Welcome to Spotlight Sunday. I’m Liz Gavin and today I’m thrilled to introduce you to Sarah Zolton Arthur.

LG: Where are you from? Michigan. By the bay.

LG: Do you have hobbies? What’s your favorite pastime? Do I have any hobbies? Well, I read for fun. So I suppose you could call that a hobby. Favorite pastime? I love going to see musicals with my sons. I used to go all the time when I was younger, before I became a mom. Now that they’re old enough (19 & 14) the three of us go together. Sometimes with the addition of my mom. Together, we’ve seen Diary of Ann Frank (not a musical), American Idiot, James and the Giant Peach, Man of La Mancha and Rent in the past year. We have Dear Evan Hanson scheduled for Spring. We’ll have to see what all we can get tickets for.

LG: If you had a TARDIS – or any other time machine – would you revisit any period of your life? If so, what advice would you give your younger self? Yes. I would definitely go back. I would tell myself not to listen to my mom and to definitely join the peace corps. My mom talked me out of joining. I would tell myself that you have to live your life the way that it makes you happy because life has a way of getting away from you and then you wake up one morning and realize that you’re no longer a spring chicken.

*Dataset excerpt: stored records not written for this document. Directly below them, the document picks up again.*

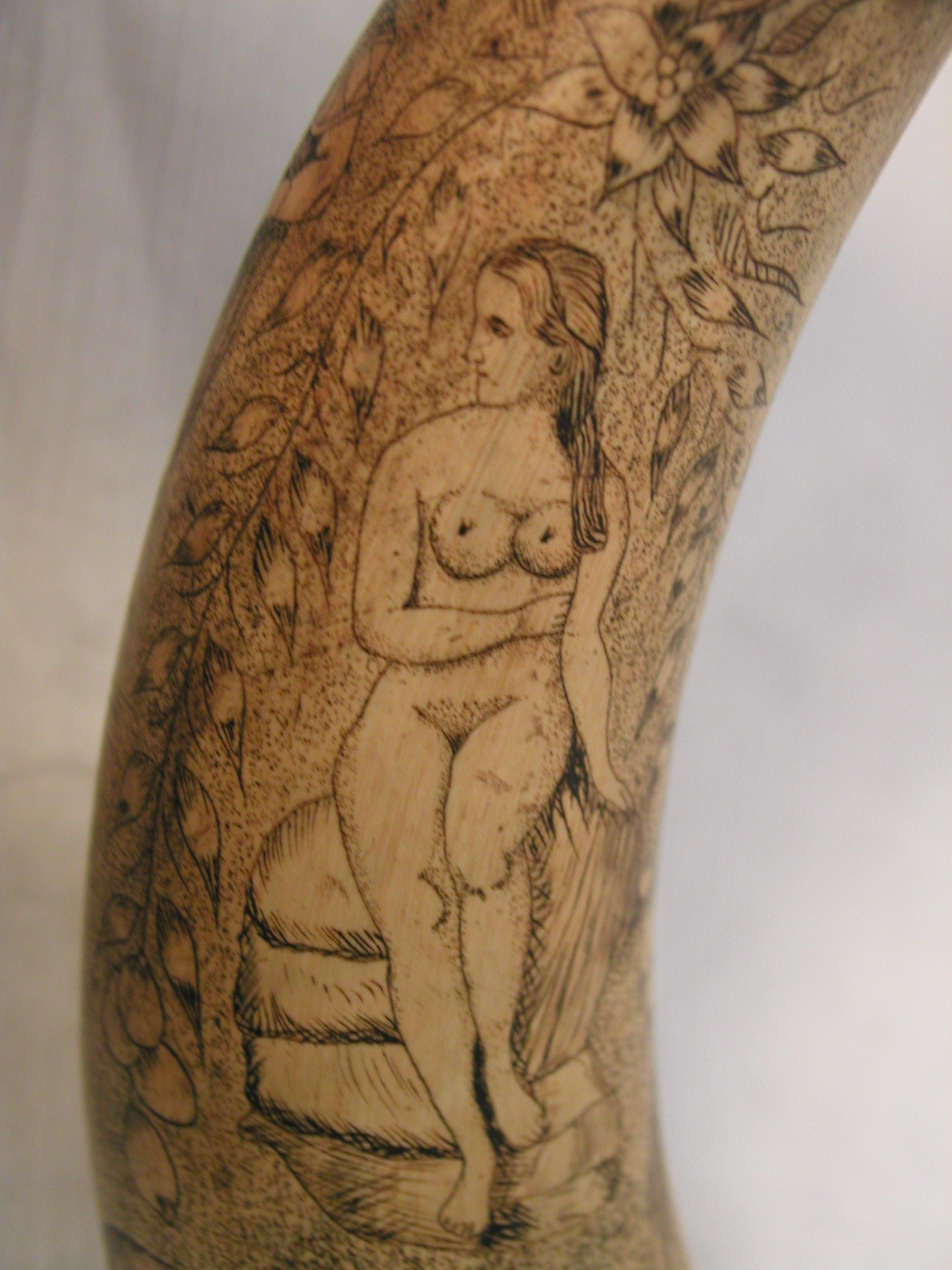 Scrimshaw powder horn bullock horn; convex wooden plug at base; metal powder measure fitting at other end; two metal suspension rings attached at side; decorated with figures - Roman soldier, female nude, peasant girl, mother and child, headstone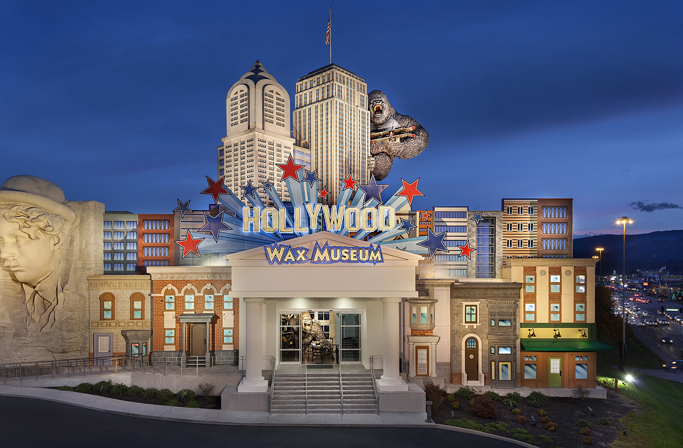 Exterior shot of Hollywood Wax Museum in Pigeon Forge, Tennessee. Features the Great Ape of Pigeon Forge along a city skyline.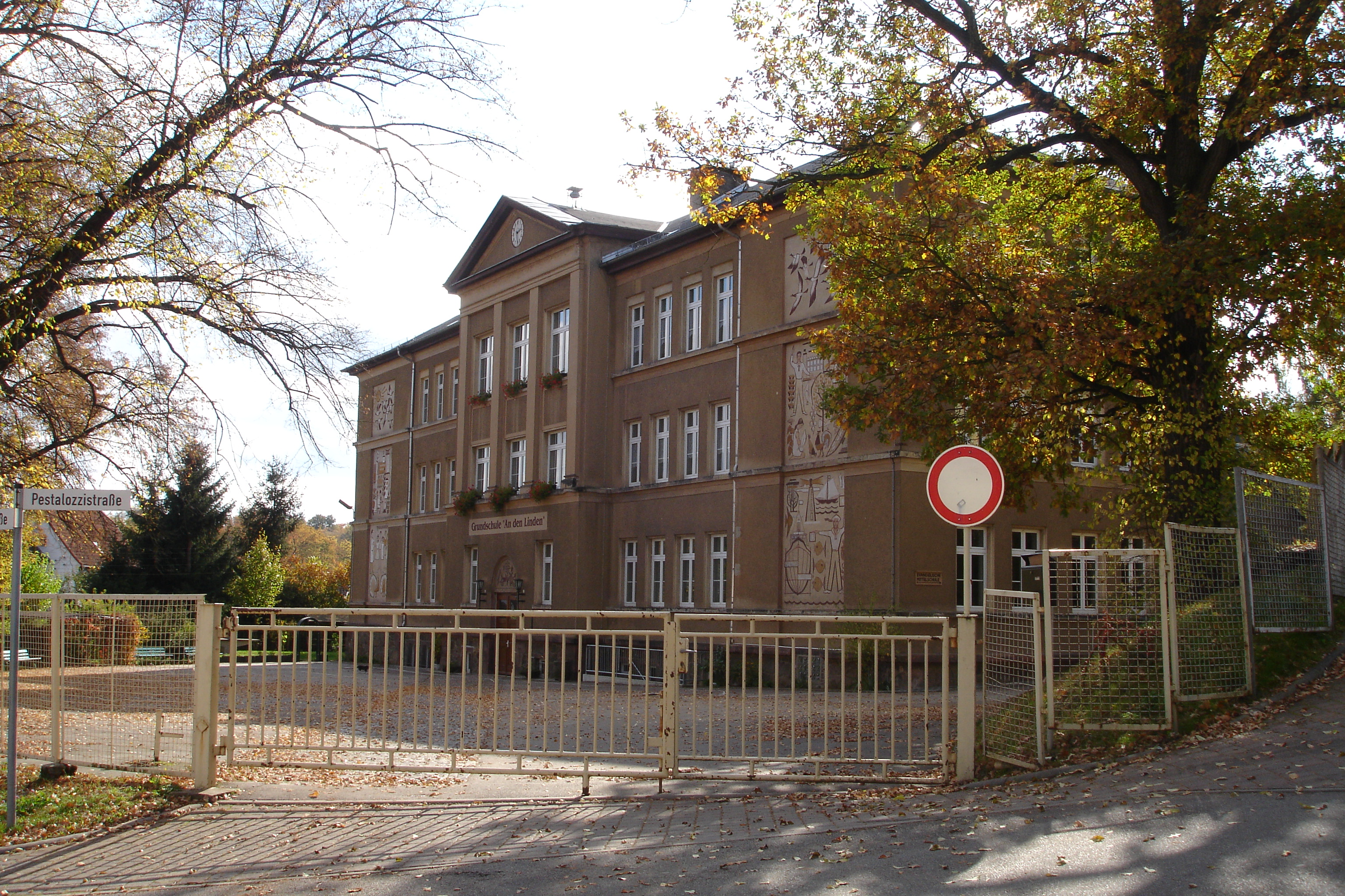 Primary School "An den Linden" of Lunzenau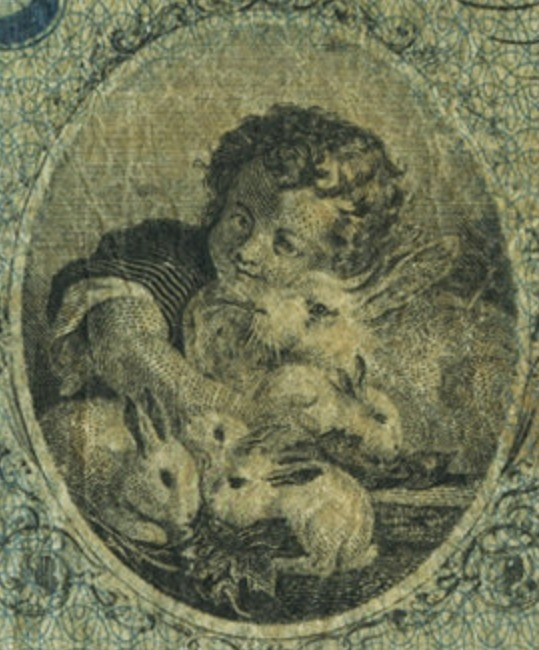 An artistic vignette adapted from the painting, Child with Rabbits by Solomon Nunes Carvalho. Unadilla Bank, $1 bill, Sept. 1, 1863, Eric P. Newman Numismatic Education Society, The Newman Numismatic Portal at Washington University in St. Louis.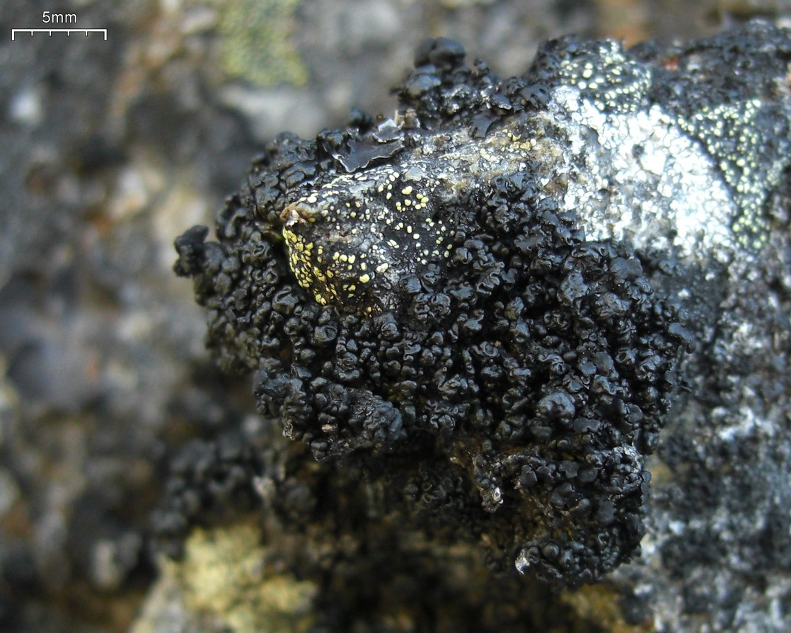 Lecanora pringlei (Tuck.) Lamb 20090820.66 Raft Mountain, Wells Gray Park, BC

LG: Tell us about something your readers would be surprised to learn about you. Hmm… well, for one, I moved around a lot as a kid and went to twelve different schools by the time I was in 6th grade. Oh, and I met my late husband when he hacked my computer. It was the late 90s. We didn’t have the same protections on computers that they have now. I’d happened to be online at the same time he was testing this new hacker software for his job. He hacked me, saw my pictures and found me on a chat platform called ICQ. First he’d loaded all my pictures onto my desktop so I’d known I’d been hacked then the chat bubble popped up and he introduced himself and told me he hoped he hadn’t scared me. Obviously, I wasn’t scared.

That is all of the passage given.